California Controller John Chiang announced in April that Verus Financial L.L.C., Waterbury, Conn., had found evidence of problems with handling of life insurance claims and handling of unclaimed property at many large U.S. insurers.

The California Department of Insurance and the California controller's office are conducting a market conduct examination of the 10 largest life insurers doing business in California. Investigators will look for evidence of life insurers failing to pay death benefits to beneficiaries after learning that insured individuals had died.

Todd Katz, executive vice president for insurance products at MetLife, said during the California hearing, as he said May 19 during an unclaimed property hearing in Florida, that MetLife had started using the Social Security Administration's Death Master File to "match," or "sweep," its group annuity records on an occasional, largely manual basis in the late 1980s, and that it had started to conduct group annuity sweeps in a more systematic fashion in the mid-1990s.

One reason MetLife waited longer to try to sweep the group life records is that, in most cases, in the group life market, "the employer has the records," Katz said. "In many situations, it's the employer that submits the claims."

A few employers have conducted Death Master sweeps of their own employees' records, Katz said.

"Not many," Katz said. "A handful."

MetLife found that another challenge was that the company had not collected and stored Social Security numbers from insureds on a routine basis until the mid-1980s.

MetLife tried doing life policy Death Master sweeps for three states in 2004 and 2005, and then conducted a sweep of most of its life policies in 2007, Katz said.

MetLife found that it ended up paying more than 99% of the claims that it paid through the regular claims process, rather than through the sweeps, Katz said.

MetLife paid $44 billion in death benefits during the period covered by the sweep. The Death Master sweep identified insureds who had died with $83 million in death benefits in force; MetLife eventually found the beneficiaries for $51 million of the death benefits, and it put $32 million in death benefits into its unclaimed property handling system.

In 2010, MetLife decided to conduct annual Death Master sweeps, Katz said.

Regulators asked the MetLife executives to give them exact year when life insurance policy administration had been computerized and when Death Master sweeps had been introduced; the executives said they did not know the exact year.

A regulator also asked whether any executives could testify under oath that a document the company had submitted that describes the company's administration efforts is accurate. The executives asked for more time to go over the document.

Regulators later asked about the details about how MetLife had proceeded in 2007 when it uncovered 3-point Death Master File matches — a policyholder who had the same name, Social Security and date of birth as an individual in the Death Master File — and when it uncovered 2 point matches.
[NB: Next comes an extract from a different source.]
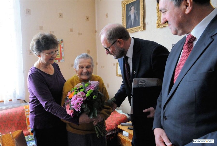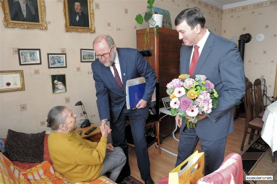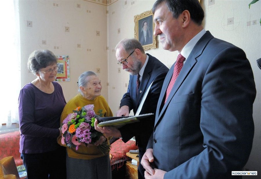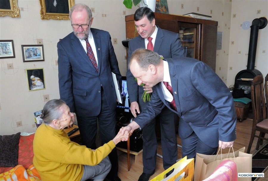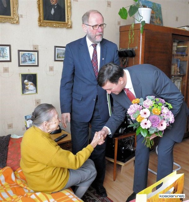 Życzenia w imieniu władz miasta złożyli jubilatce burmistrz Michał Jurga, przewodniczący miejskiej rady Piotr Ruszkiewicz i wiceprzewodniczący rady Maciej Zielonka.

A "2-point match" was a policyholder who had either the same name and Social Security number or the same date of birth and Social Security number as an individual in the Death Master File.

California Insurance Commissioner Dave Jones asked whether MetLife had published the names of the 3-point matches and 2-point matches that it had difficulty locating.

Katz told regulators that responding to some of their questions about the sweeps and post-sweep procedures was difficult.

"Many of the decisions were made well in the past," Katz said.

In a written statement, MetLife notes that it sold many low-death-benefit industrial life insurance policies from early in the 1900s up until 1964. MetLife began waiving any premium payments on premium-paying industrial policies with premiums paid through 1981, and it has no easy way to contact many of the holders of those policies, the company says.

MetLife found about 500,000 of the holders of the industrial policies in the 1980s, by organizing a "Family Reunion" media campaign. MetLife then made another major effort to reconnect with policyholders around 2000, in preparation for demutualization.